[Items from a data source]
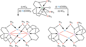 • Heterometallic clusters have shown promise in catalysis and small-molecule activation, but species comprising uranium–metal bonds have remained difficult to synthesize. Now, facile reactions between uranium and nickel precursors have led to nickel-bridged diuranium clusters supported by a heptadentate N4P3 scaffold. Computational analysis points to an unusual electronic configuration for uranium, U(iii)-5f26d1.
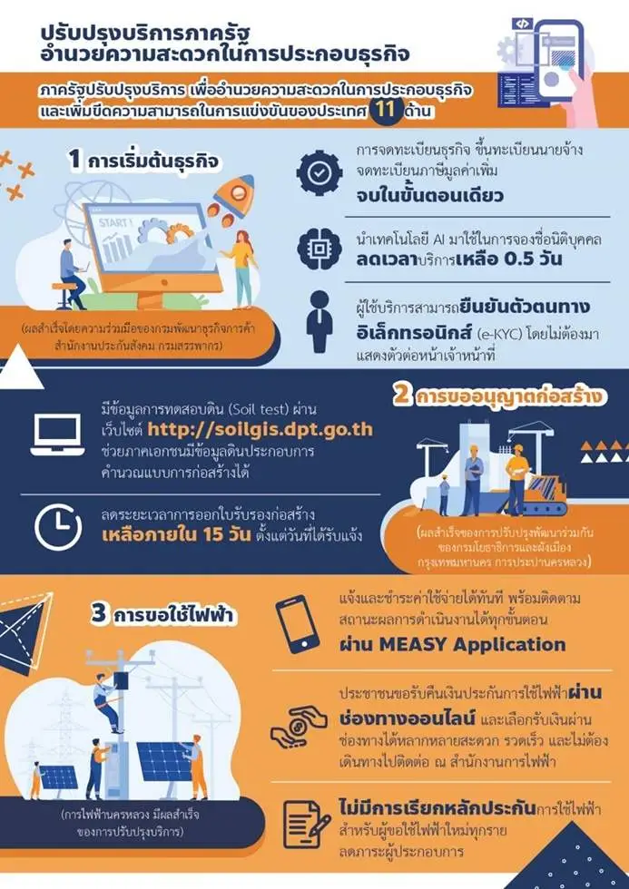 สำนักงาน ก.พ.ร. เดินหน้าผลักดันให้ภาครัฐปรับปรุงบริการในด้านต่างๆ อาทิ การเริ่มต้นธุรกิจ การขออนุญาตก่อสร้าง การขอใช้ไฟฟ้า เพื่ออำนวยความสะดวกในการประกอบธุรกิจและเพิ่มขีดความสามารถในการแข่งขันของประเทศ
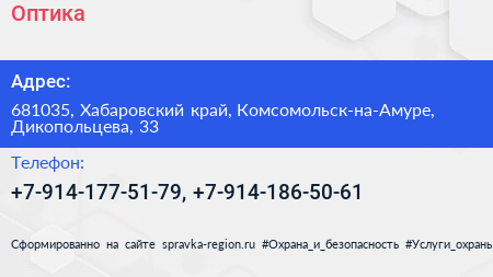 Оптика+ по адресу 681035, Хабаровский край, Комсомольск-на-Амуре, Дикопольцева, 33 в дальнейшем Организация, размещена в следующих категориях:
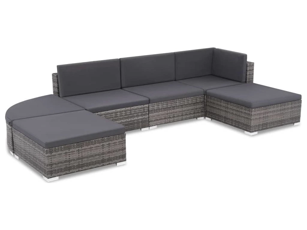 6dílná zahradní sedací souprava s polštáři polyratan šedá [44432]
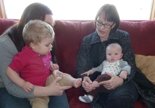 Meeting baby Graham (That's his mommy Liz helping him stand).
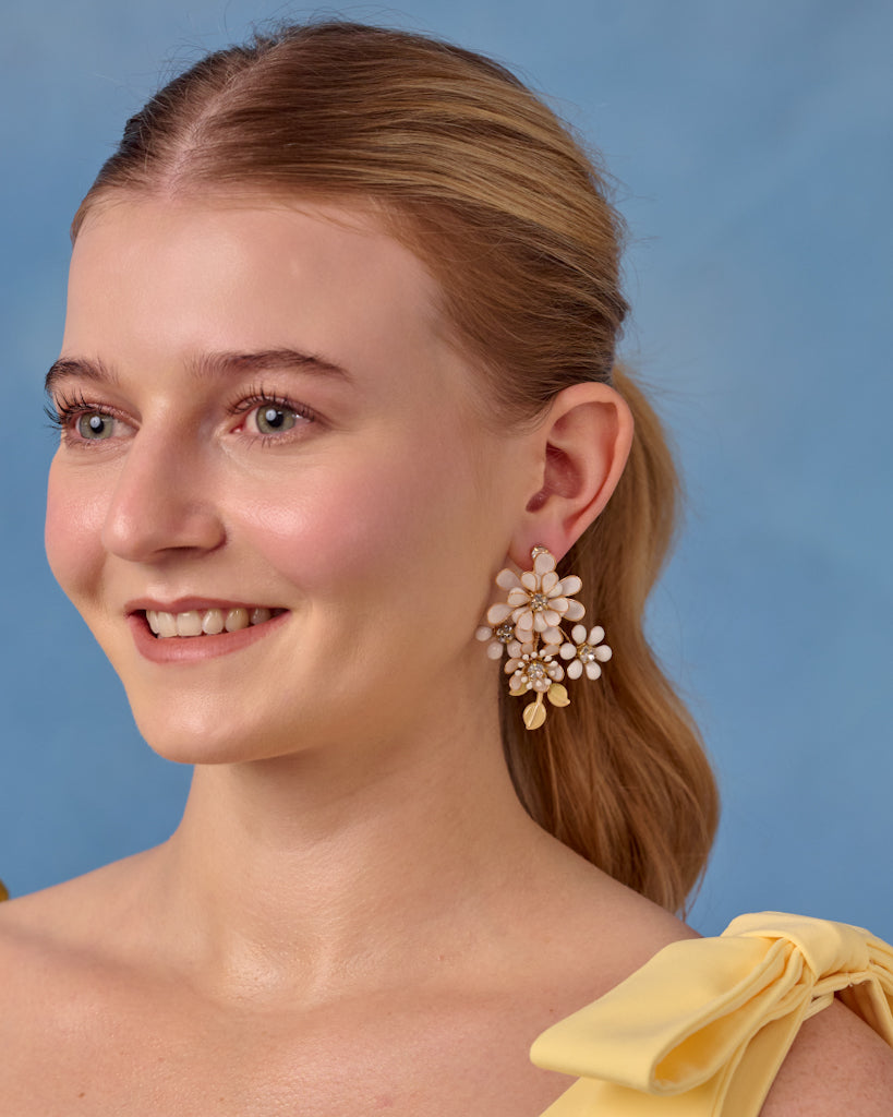 The Calla Earrings feature soft, sculpted resin petals that curve gracefully, creating a polished and luminous frame for the face. Their lightweight design and refined silhouette make them the perfect blend of modern elegance and delicate femininity — ideal for the bride who prefers quiet luxury.
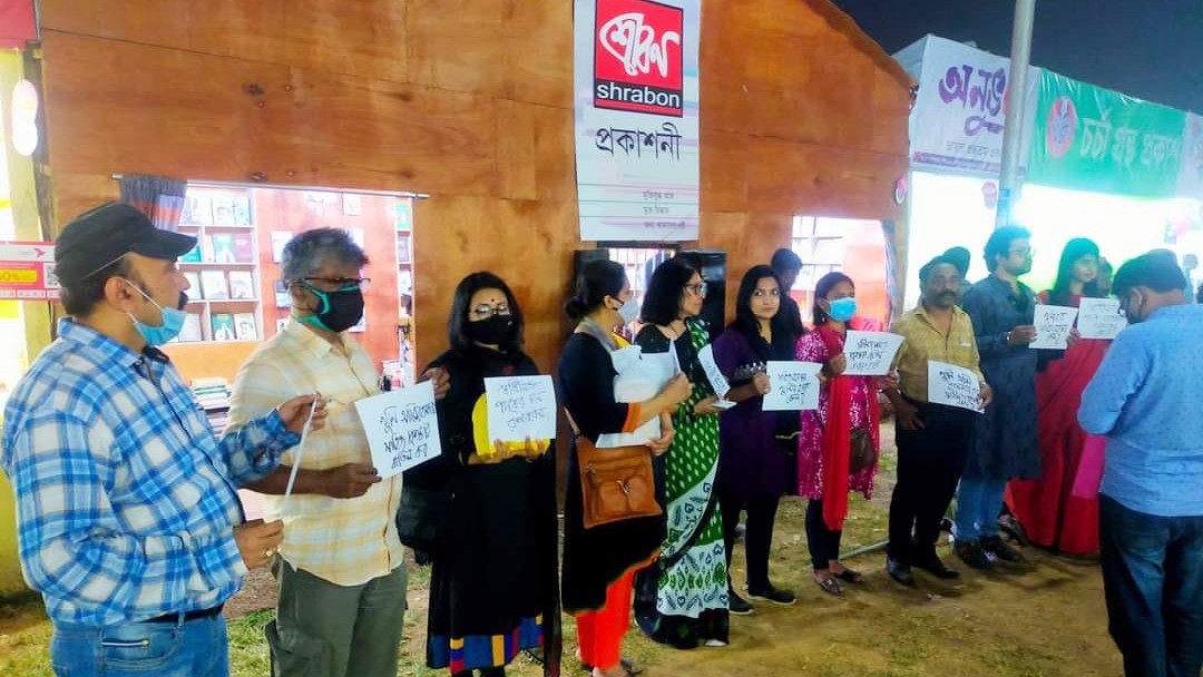 বাংলা একাডেমি আয়োজিত অমর একুশে গ্রন্থমেলার সোহরাওয়ার্দী উদ্যান অংশে শ্রাবণ প্রকাশনীর স্টলের সামনে বৃহস্পতিবার (১৭ মার্চ) রাতে এই কর্মসূচি পালন করেন সাহিত্য-সংস্কৃতি কর্মীরা।
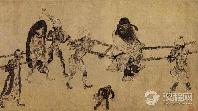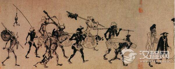 宋末元初 龚开的《中山出游图》 描绘了几种包袱的形象,其中一个小鬼的单肩背包不知是怎么做的
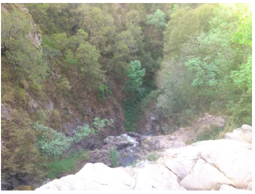 El terreno es rocoso en su mayoría y se presenta en una sola ladera que va de oeste a este, el cual es el punto más bajo. La pendiente va de 21 a 64 grados, variando entre estas medidas a lo largo y ancho del terreno. El paso del agua ha modelado el paisaje dejando como vestigio esta micro cuenca, dando como resultado una variación en la altura, lo que favorece el clima del lugar y propicia el ambiente idóneo para la alta variedad de vegetación. En la parte más baja del terreno cruza el Río Grande (Ilustración 4), y en el interior del predio atraviesa un canal de riego (Ilustración 5)
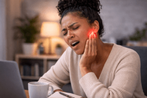 TMJ Disorder (Temporomandibular Joint Disorder) affects the joint that connects your jawbone to your skull, causing jaw pain, clicking sounds, headaches, earaches, or difficulty opening the mouth. It can result from stress, teeth grinding, jaw injury, or joint inflammation — often leading to chronic discomfort.
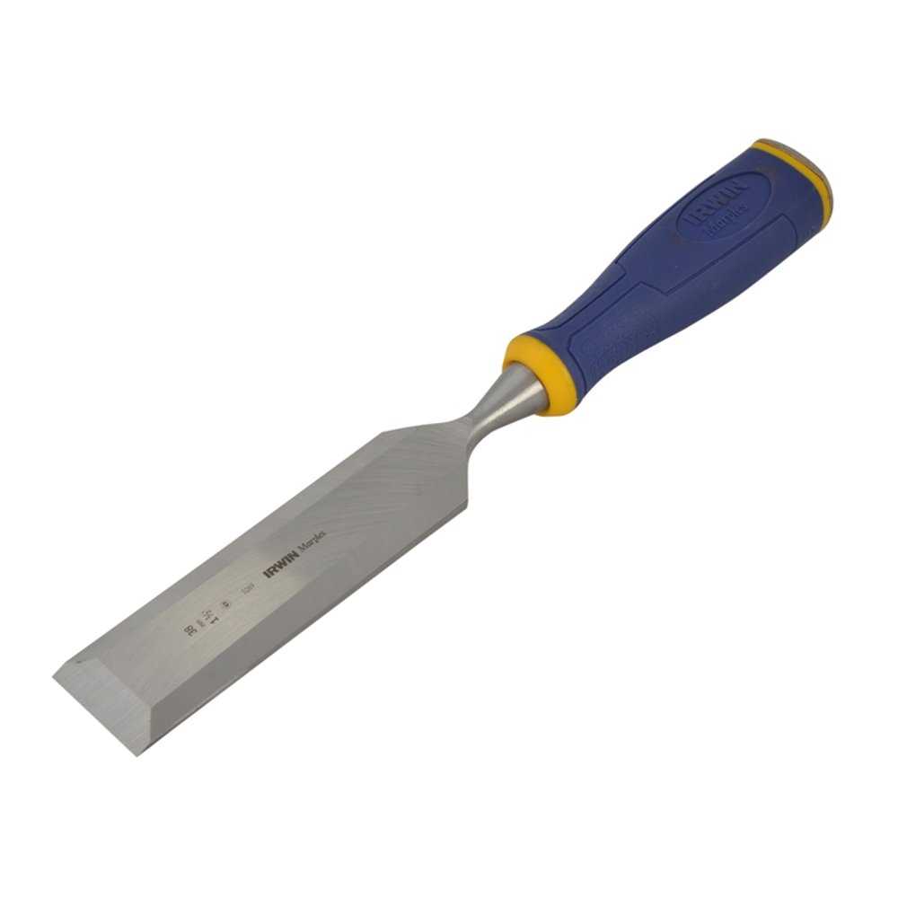 The IRWIN Marples MS500 Series All-Purpose Chisels with ProTouch Handle. These chisels have a large metal striking cap to withstand hammer impacts, prolong the life of the handle, and prevent mushrooming. ProTouch handles are designed to provide extra comfort, grip, and also reduces vibrations and reduces hand fatigue. One-piece blade forging gives added strength and durability. Made from special tool steel which ensures a much sharper cutting edge for quicker and easier operation. A special hardening process gives the blade a longer lasting edge – less time spent re-sharpening. The blade is hardened to the last inch giving more working chisel for your money. Every chisel is honed and sharpened ready for use out of the packet – to save you time and effort. Avalible in the following sizes: MARS50014: 6mm (1/4in).MARS50038: 10mm (3/8in).MARS50012: 12mm (1/2in).MARS50058: 16mm (5/8in).MARS50034: 19mm (3/4in).MARS5001: 25mm (1in).MARS500114: 32mm (1 1/4in).MARS500112: 38mm (1 1/2in).MARS5002: 50mm (2in). The following sets: MARS500S3: 12, 19,and 25mm (1/2, 3/4 and 1 in)MARS500S3SS: 13, 19 and 25mm (1/2, 3/4, and 1in) (sharping kit inculded). MARS500S5W: 6, 10, 12, 19, & 25mm (1/4, 3/8, 1/2, 3/4, and 1in)MARS500S6: 6, 10, 12, 19, 25, & 32mm (1/4, 3/8, 1/2, 3/4, 1 & 1 1/4 in).1 x Marples MS500 Series All-Purpose Chisels with ProTouch Handle 38mm (1 1/2in).

• _Goal of the exercise_
Repeat the lines above exactly, beginning with the one containing "6dílná zahradní sedací" and finishing with the one containing "Meeting baby Graham". No pictures belong in the copy.

• _Task response_
 6dílná zahradní sedací souprava s polštáři polyratan šedá [44432]
 Meeting baby Graham (That's his mommy Liz helping him stand).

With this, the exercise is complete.